Below are the records; extract from them the line containing "Władze miasta zaznaczają, że" to the line containing "Fig. 1 : La", both lines included, exactly and with no pictures.

■ Supplied entries ■
▼▼▼

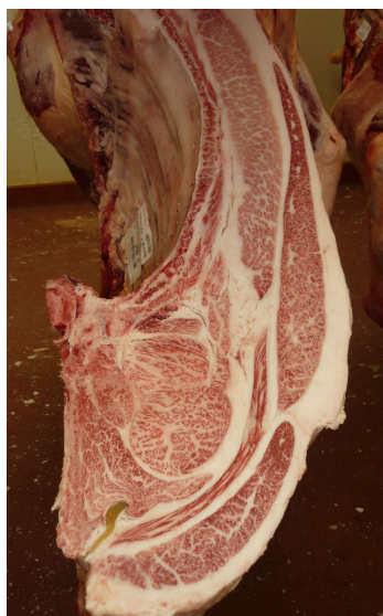
去勢(美照清×美国桜×安福久) BMSNo.12, ロ-入芯95cm
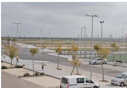
Los solares se encuentran ubicados en la zona de San José Norte.

"Con esta medida ofrecemos a nuestros vecinos y vecinas la oportunidad de construirse su
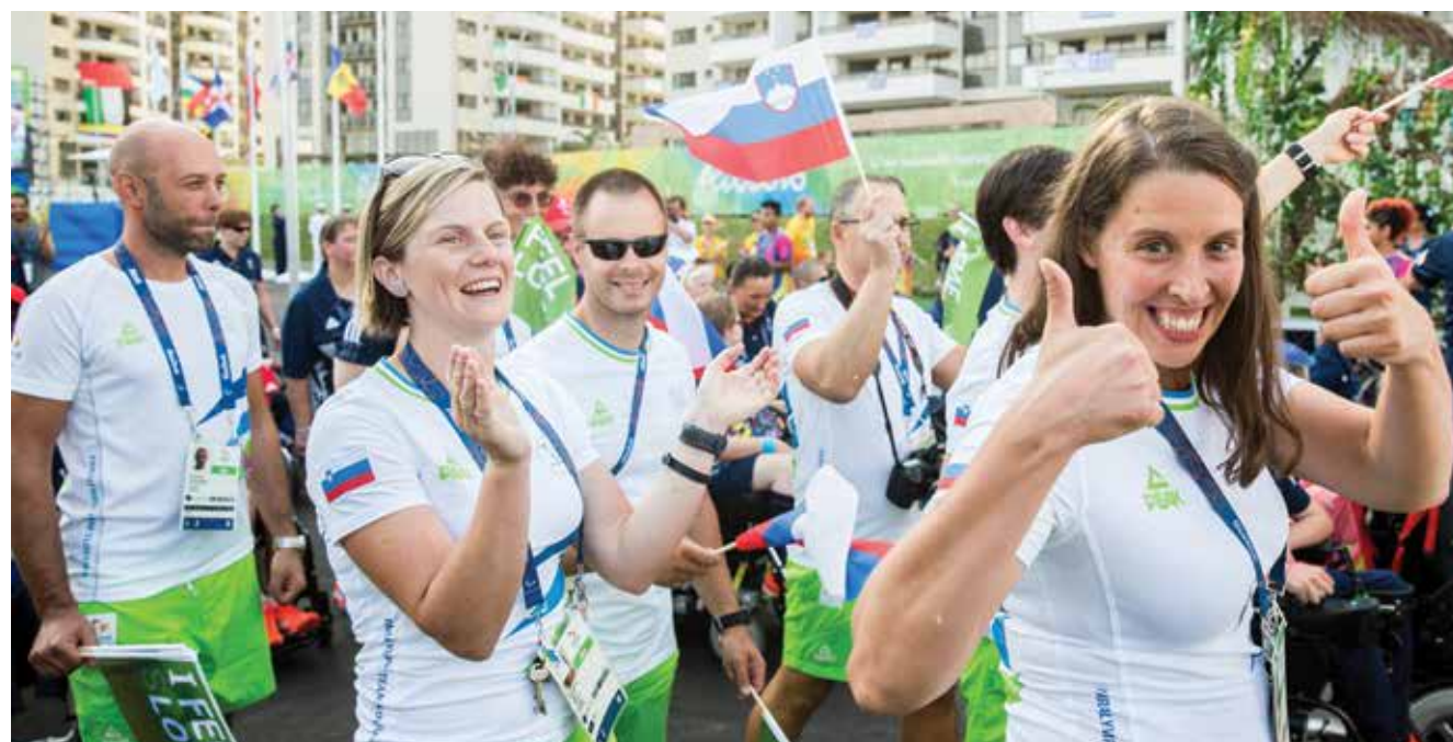
Celotno odpravo je prevevala odlična energija
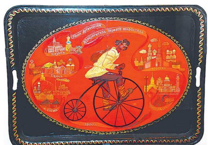
Тагильские подносы получили известность по всему миру. Их приносили в дар князьям, царям и европейским королям
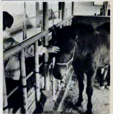
ようこそ「木曾馬、さん

このほど総合農事センターに、岐阜市から木曾馬（メス・2歳）が贈られてきました。北九州市のめん羊と交換したものです。 木曾馬は木曾地方に産する日本在来種で小型の馬です。暑さ寒さにも強く、おとなしくて力も強いので、昔から労働馬として、人々の生活に役立ってきましたが、いまでは、めっきり数が減っており、手厚く保護されています。
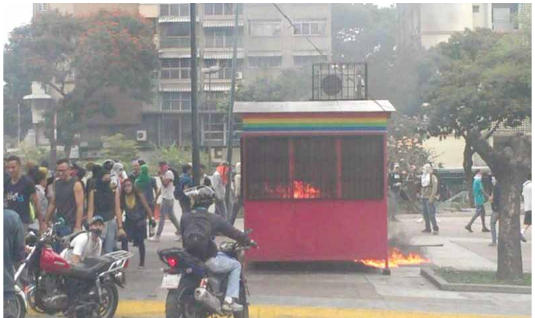
Puesto de control de Altamira fue incendiado.

En horas de la tarde de este lunes 10 de abril, tras una movilización convocada por la autodenominada Mesa de la Unidad (MUD) en la plaza Brión de Chacaíto, grupos de choque se concentraron a la altura de Altamira, en el municipio Chacao, donde atacaron el puesto de control de las unidades de Metrobús, desde donde operan las unidades de transporte a distintas zonas
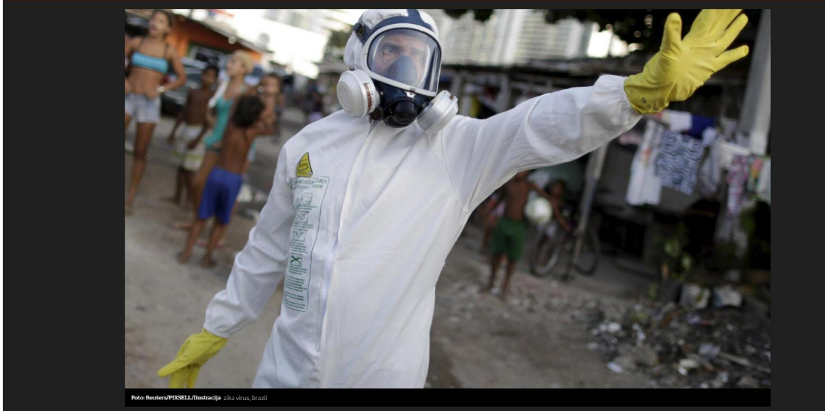
Zika virus, Brazil
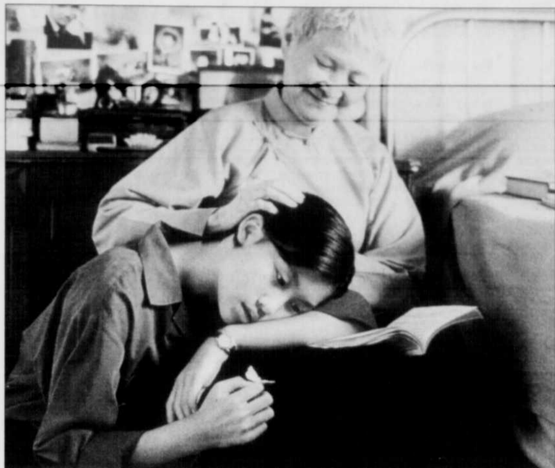
La grande réussite de « Yi Yi » vient de l'immense sensibilité avec laquelle Edward Yang a filmé les choses. Les plans sont longs et lents.
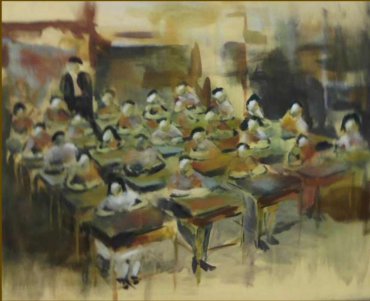
School Room by Mark Wickline.
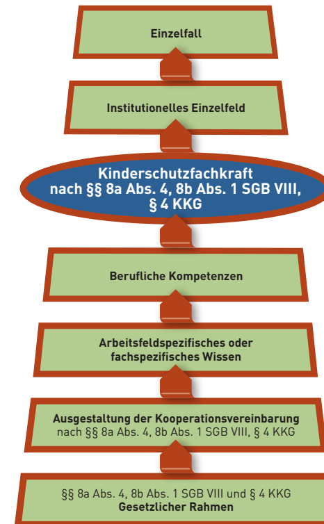
Abbildung 2: Bestimmung des Einsatzfeldes einer Kinderschutzzfachkraft
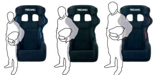
Pad-Kit S, M, L
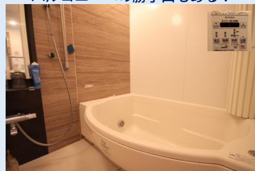
浴室乾燥機も備えた 爽快快適バスルーム
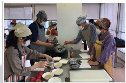
昨年11月に開かれた「漬け物づくり体験講座」の様子

打上川治水緑地の魅力向上と利用活性化を目指し、打上川治水緑地について考えてくれる人を対象にワークショップ(全4回)を開きます。
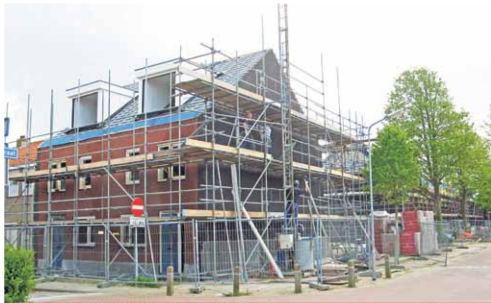
Gezinswoningen in aanbouw.
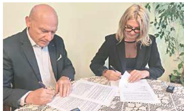
Władze miasta zaznaczają, że rozbudowa infrastruktury chodnikowej pozostaje jednym z ważnych elementów prowadzonych obecnie inwestycji w Garwolinie

Jak podkreślają władze miasta, inwestycja ma poprawić bezpieczeństwo pieszych oraz komfort codziennego poruszania się mieszkańców korzystających
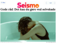
Seismo Gode råd: Det kan du gøre ved selvske
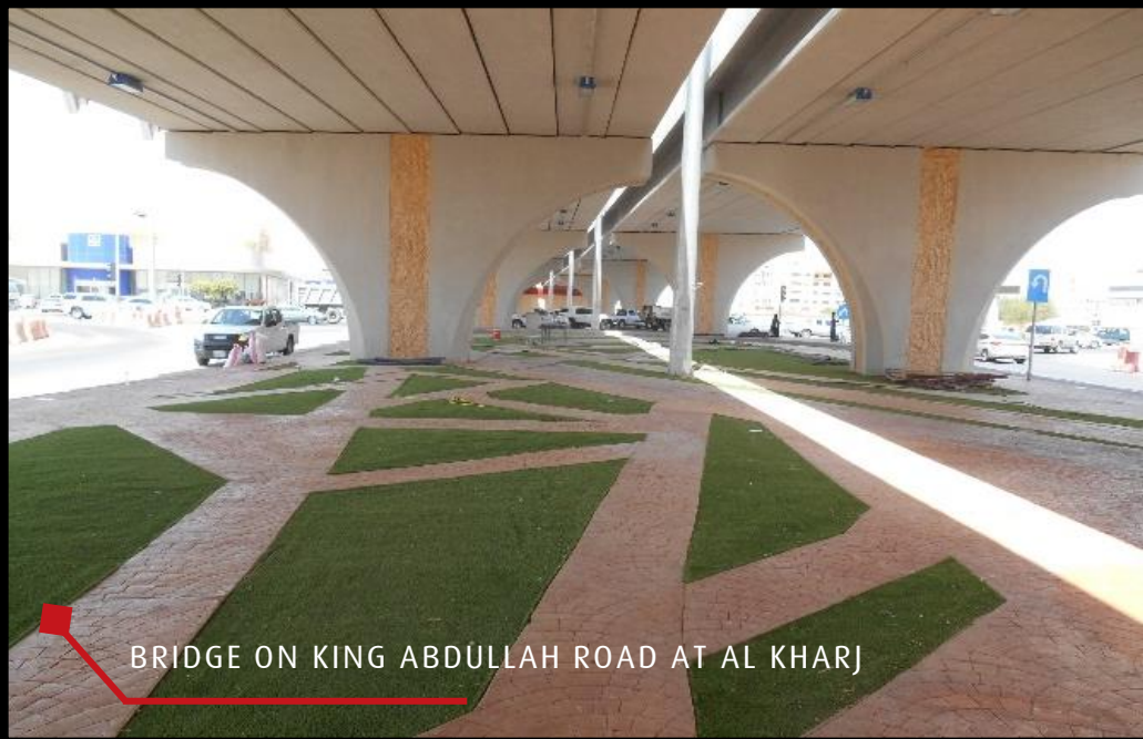
BRIDGE ON KING ABDULLAH ROAD AT AL KHARJ
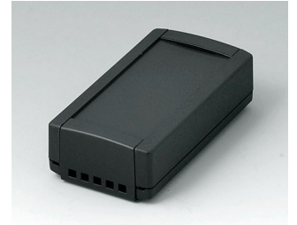
B1040469 TOPTEC 102, Ausf. II ABS (UL 94 HB) schwarz RAL 9005 102x54x30mm IP 40
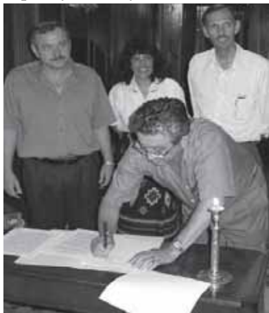
Formální podepsání kontraktu prodeje televizní sítě služebnosti Gospel Ministries International dne 31. ledna 2002 po řadě vyjednávání.
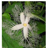
カラスウリ(烏瓜) A1, B2 7月27日~8月29日
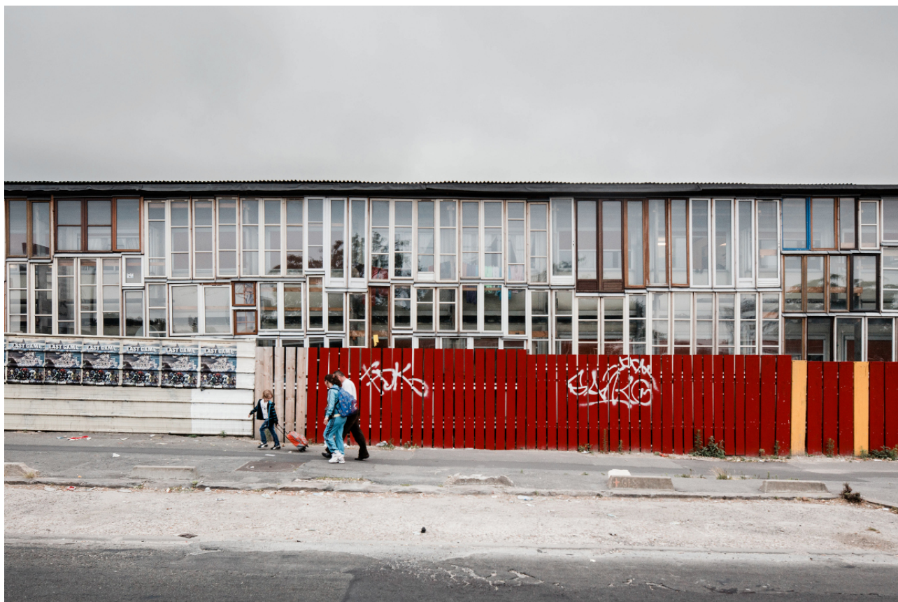
Fig. 1 : La passerelle, structure d'hébergement d'urgence, Saint-Denis (France), 2013, projet conçu et construit par Emmaüs Coup de Main, l'architecte Niclas Dünnebacke, les Bâisseurs d'Emmaüs, Architecture Sans Frontière, des travailleurs en contrat d'intégration et des immigrés volontaires, © Cyrus Cornut.

La structure d'hébergement d'urgence La passerelle, installée par Emmaüs Coup de Main en bordure du boulevard périphérique parisien, accueille des familles d'origine roumaine issues de campements voisins. Placée devant une architecture construite à partir d'anciens Algeco de chantier, une enveloppe vitrée isole les logements du bruit, créant un écran acoustique contre l'autoroute voisine. En collaboration avec des immigrés, des travailleurs en contrat social d'intégration et les Bâisseurs d'Emmaüs, elle a été construite avec des matériaux réemployés, de vieilles fenêtres et une toile de publicité du Centre Pompidou. « Étant donnée la disparité des matériaux collectés, les dessins de détails sont vite devenus inopérants. Il a fallu improviser 21 » explique l'architecte Niclas Dünnebacke. L'espace ménagé entre les Algeco et la nouvelle façade devient une serre permettant de multiples plantations dans un programme qui n'en compte généralement pas, car considéré comme une « architecture de survie ».
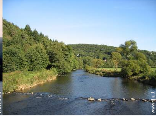
vue sur rivière
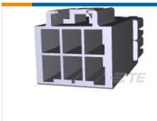
TE 产品编号179466-1 AMP POWER DBL LOCK CAP HSG 6P
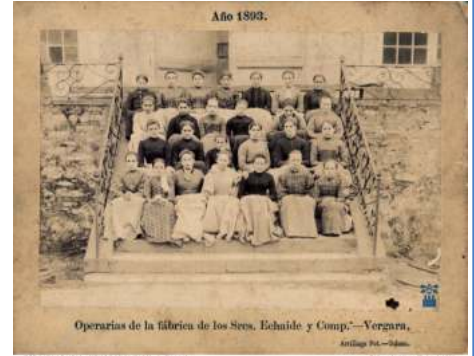
BERGARAKO UDAL ARTXIBOKO BELAZUA. E. Puyou
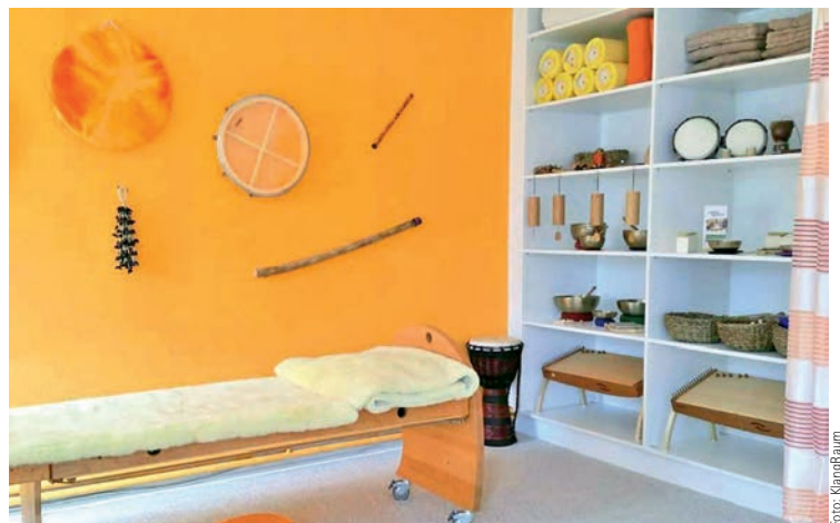
Im Klangraum steht die Freude am gemeinsamen Musizieren im Vordergrund

garten-Kursen, wo Babys und Kleinkinder mit ihren Begleitpersonen gemeinsam musizieren und spielerischen Umgang mit Klang und Rhythmus entdecken können. Die Freude am gemeinsamen Musizieren steht hier ganz im Vordergrund.
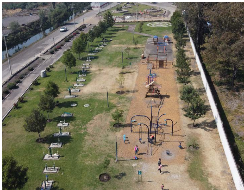
La brecha, el espacio biocultural.
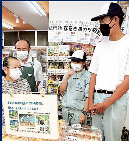
スーパーでの作業製品販売
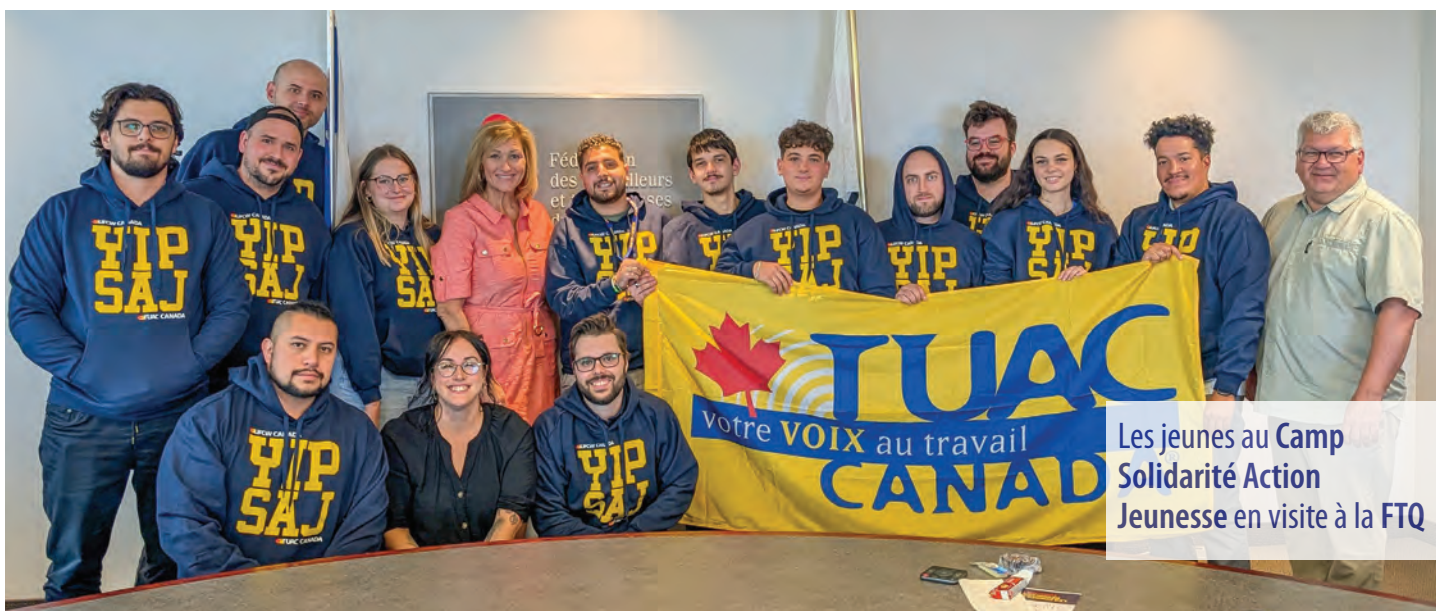
Les jeunes au Camp Solidarité Action Jeunesse en visite à la FTQ

Grâce à des initiatives comme le SAJ et le Camp des jeunes de la FTQ, la flamme syndicale continue de briller entre leurs mains, éclairant l'avenir d'un monde du travail plus juste et plus humain.
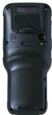
付属品・オプション品
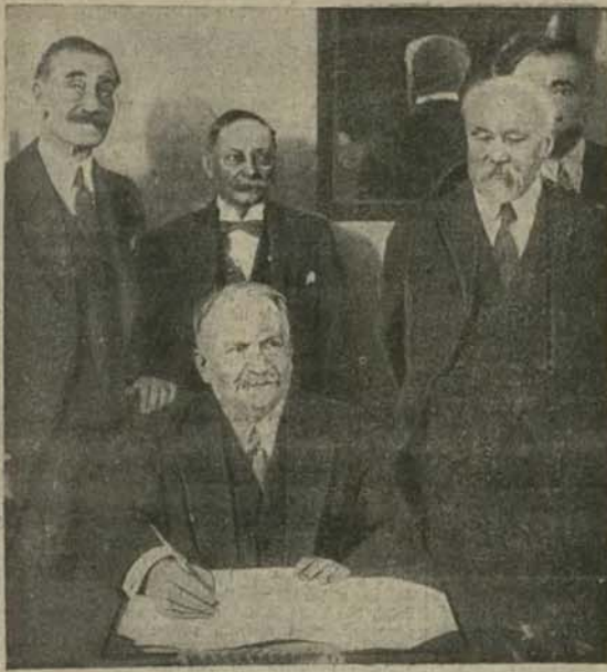
Pałac dziennikarski w Paryżu.

Rok XVII. Kraków, niedziela 28 listopada 1926. Nr. 327.

▲▲▲

■ Finished exercise ■
Władze miasta zaznaczają, że rozbudowa infrastruktury chodnikowej pozostaje jednym z ważnych elementów prowadzonych obecnie inwestycji w Garwolinie

Jak podkreślają władze miasta, inwestycja ma poprawić bezpieczeństwo pieszych oraz komfort codziennego poruszania się mieszkańców korzystających
Seismo Gode råd: Det kan du gøre ved selvske
BRIDGE ON KING ABDULLAH ROAD AT AL KHARJ
B1040469 TOPTEC 102, Ausf. II ABS (UL 94 HB) schwarz RAL 9005 102x54x30mm IP 40
Formální podepsání kontraktu prodeje televizní sítě služebnosti Gospel Ministries International dne 31. ledna 2002 po řadě vyjednávání.
カラスウリ(烏瓜) A1, B2 7月27日~8月29日
Fig. 1 : La passerelle, structure d'hébergement d'urgence, Saint-Denis (France), 2013, projet conçu et construit par Emmaüs Coup de Main, l'architecte Niclas Dünnebacke, les Bâisseurs d'Emmaüs, Architecture Sans Frontière, des travailleurs en contrat d'intégration et des immigrés volontaires, © Cyrus Cornut.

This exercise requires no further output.